Hm, so am I missing some background on semantics on TC_ACT_TRAP?
Or perhaps you use a different action code?

AFAICT the code in the kernel is:

struct sk_buff *tcf_qevent_handle(...

	case TC_ACT_STOLEN:
	case TC_ACT_QUEUED:
	case TC_ACT_TRAP:
		__qdisc_drop(skb, to_free);
		*ret = __NET_XMIT_STOLEN;
		return NULL;

Having TRAP mean DROP makes sense for filters, but in case of qevents
shouldn't they be a no-op?

Looking at sch_red looks like TRAP being a no-op would actually give us
the expected behavior.

> > If that is the case and you really want to keep the mark+trap
> > functionality - I feel like at least better documentation is needed.
> > The current two liner should also be rewritten, quoting from patch 1:
> >   
> > > * - ``ecn_mark``
> > >   - ``drop``
> > >   - Traps ECN-capable packets that were marked with CE (Congestion
> > >     Encountered) code point by RED algorithm instead of being dropped  
> > 
> > That needs to say that the trap is for datagrams trapped by a qevent.
> > Otherwise "Traps ... instead of being dropped" is too much of a
> > thought-shortcut, marked packets are not dropped.
> > 
> > (I'd also think that trap is better documented next to early_drop,
> > let's look at it from the reader's perspective)  
> 
> How about:
> 
> "Traps a copy of ECN-capable packets that were marked with CE

I think "Traps copies" or "Traps the copy of .. packet"?
I'm not a native speaker but there seems to be a grammatical mix here.
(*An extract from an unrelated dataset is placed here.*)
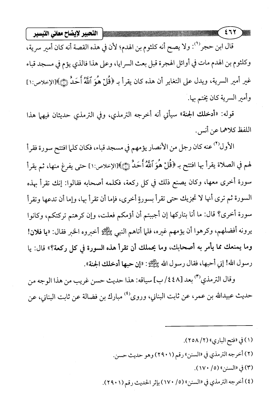 الأول (¬2) عنه كان رجل من الأنصار يؤمهم في مسجد قباء، فكان كلما افتتح سورة فقرأ لهم في الصلاة يقرأ بها افتتح بـ {قُلْ هُوَ اللَّهُ أَحَدٌ (1)} [الإخلاص: 1] حتى يفرغ منها، ثم يقرأ سورة أخرى معها، وكان يصنع ذلك في كل ركعة، فكلمه أصحابه فقالوا: إنك تقرأ بهذه السورة ثم ترى أنها لا تجزيك حتى تقرأ بسورةٍ أخرى، فإما أن تقرأ بها، وإما أن تدعها وتقرأ سورة أخرى؟ قال: ما أنا بتاركها إن أجببتم أن أؤمكم فعلت، وإن كرهتم تركتكم، وكانوا يرونه أفضلهم، وكرهوا أن يؤمهم غيره، فلما أتاهم النبي - صلى الله عليه وسلم - أخبروه الخبر فقال: "يا فلان! وما يمنعك مما يأمر به أصحابك، وما يحملك أن تقرأ هذه السورة في كل ركعة؟ " قال: يا رسول الله! إني أحبها، فقال رسول الله - صلى الله عليه وسلم -: "إن حبها أدخلك الجنة".

> (Congestion Encountered) code point by RED algorithm instead of being
> dropped. The trap is enabled by attaching a filter with action 'trap' to

... instead of those copies being dropped.

> the 'mark' qevent of the RED qdisc."
>
> In addition, this output:
> 
> $ devlink trap show pci/0000:06:00.0 trap ecn_mark 
> pci/0000:06:00.0:
>   name ecn_mark type drop generic true action trap group buffer_drops
> 
> Can be converted to:
> 
> $ devlink trap show pci/0000:06:00.0 trap ecn_mark 
> pci/0000:06:00.0:
>   name ecn_mark type drop generic true action mirror group buffer_drops
> 
> "mirror: The packet is forwarded by the underlying device and a copy is sent to
> the CPU."
> 
> In this case the action is static and you cannot change it.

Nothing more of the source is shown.